Движение застоя

Анна Толстова о возрождении интереса к кинетизму

В петербургском Манеже открылась выставка «Лаборатория будущего. Кинетическое искусство в России»: колоссальная панорама отечественного кинетизма, от предыстории до жизни после смерти, сделана выставочным залом совместно с Третьяковской галереей на основе нескольких сотен вещей из трех десятков российских музеев, фондов, архивов, библиотек, частных коллекций, мастерских художников и галереи «Триумф»

«Кинетизм — искусство раскрытия тайн жизни и превращений», «Кинеты планеты Земля, в ваших руках величайшее духовное дело!», «Пусть кинетизм приблизит жизнь к миру грез и фантазии!» — фразы из «Манифеста русских кинетов», написанного в 1966 году Львом Нусбергом и подписанного всеми тогдашними членам группы «Движение», напоминают разом и манифесты русских футуристов, в подражание которым писались, и оттепельную советскую фантастику, так что в этом тексте Велимир Хлебников как будто бы жмет руку Ивана Ефремова. Группу «Движение», основанную Нусбергом в 1964-м, вскоре покинут самые яркие художественные индивидуальности, Франциско Инфанте-Арана и Вячеслав Колейчук. Кинетизм провозглашался принципиально коллективным творчеством — еще бы, без сотрудничества с инженерами («Инженер, что ты сделал для прекрасного?» — строго вопрошал манифест) художники вряд ли смогли бы соорудить те чудесные громадины, что вертятся, переливаясь всеми цветами радуги, при входе на выставку. Уйдя из «Движения» от авторитарного Нусберга, оба оснуют свои собственные коллективы, Колейчук — группу «Мир», Инфанте — группу «Арго», но вскоре, поняв, что попытки интегрировать кинетические объекты в советское публичное пространство тщетны, придут к единоличному творчеству, точнее — к семейному подряду.

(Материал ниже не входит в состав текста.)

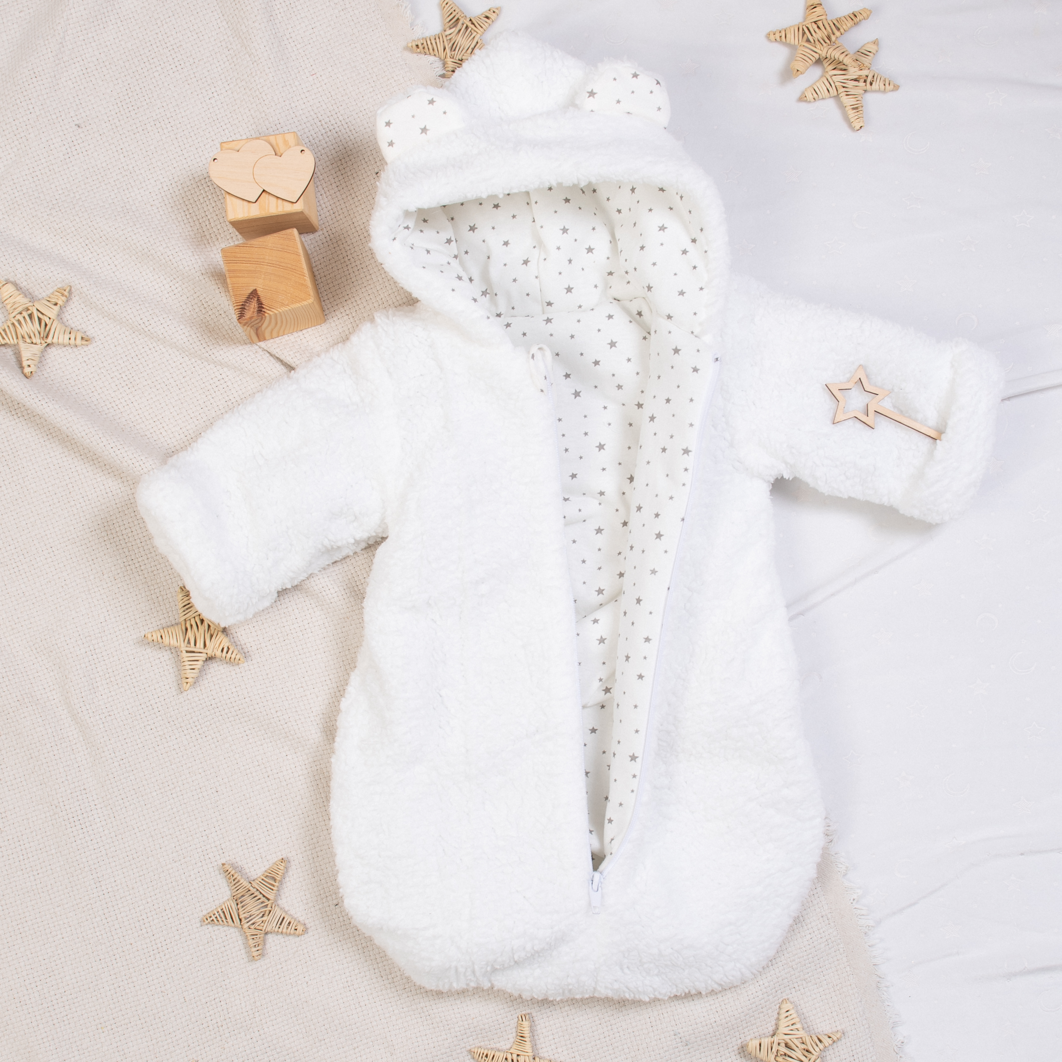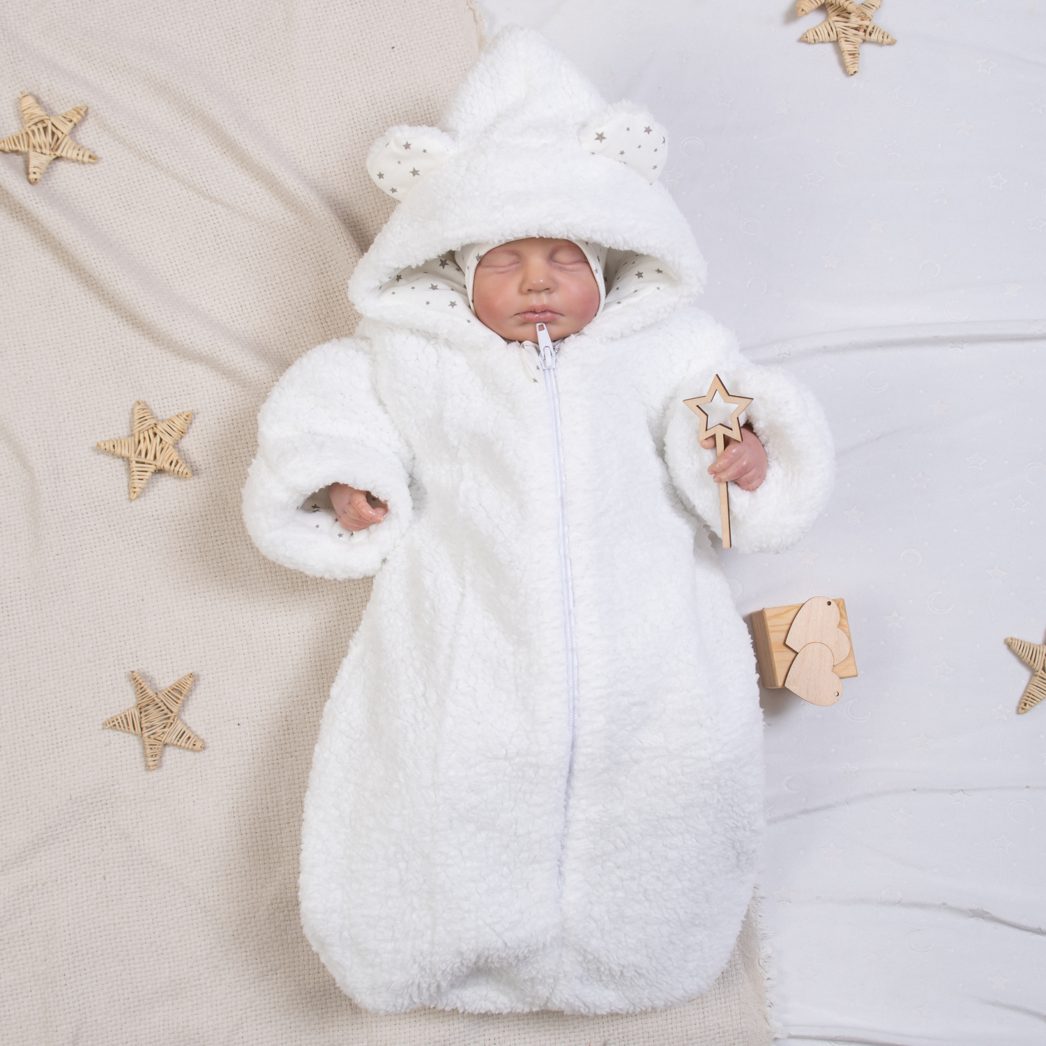 Конверт на молнии для удобства одевания, внутри хлопок трикотажный в мелкую звездочку.

Группа «Движение». Кинетический объект «Химия», 1967

Группа «Движение». Кинетический объект «Химия», 1967

Фото: предоставлено ЦВЗ «Манеж»

Группа «Движение». Кинетический объект «Химия», 1967

Фото: предоставлено ЦВЗ «Манеж»

Три громадных объекта, выдвинутых на передовую экспозиции, были реконструированы к нынешней или к недавним московским выставкам: это «Двойная спираль» Вячеслава Колейчука (1966), «Начало» Анатолия Волгина (1966) и кинетическая конструкция для выставки «Студенческое творчество» Александра Григорьева (1974). Выставка начинается с реконструкций не без умысла: в экспозиции будет много копий, о чем четко говорится в экспликациях. И дело не только в том, что множество кинетических объектов не сохранилось по техническим причинам и их приходится воссоздавать, как и всю историю отечественного кинетизма в целом. В большинстве своем не сохранились или же и вовсе не были осуществлены, оставшись на стадии проекта, работы художников авангарда, к которым явно — впервые в истории советского неподцензурного искусства — апеллировали кинеты: Наум Габо, Владимир Татлин, Александр Родченко — многое мы знаем как раз по поздним реконструкциям кинетистов и им сочувствующих. К тому же графика авангардистов, которую по тем или иным причинам нельзя было выставить в Манеже, также зачастую представлена выставочными факсимиле — ради полноты исторической картины. Три имени, с которых все начинается, тоже, видимо, выбраны неслучайно: хотя в экспозиции масса работ Вячеслава Колейчука, творившего в кинетическом духе с 1960-х до самой смерти, она не сосредотачивается на одних звездах, вспоминая незаслуженно забытых и оттесненных на второй план художников.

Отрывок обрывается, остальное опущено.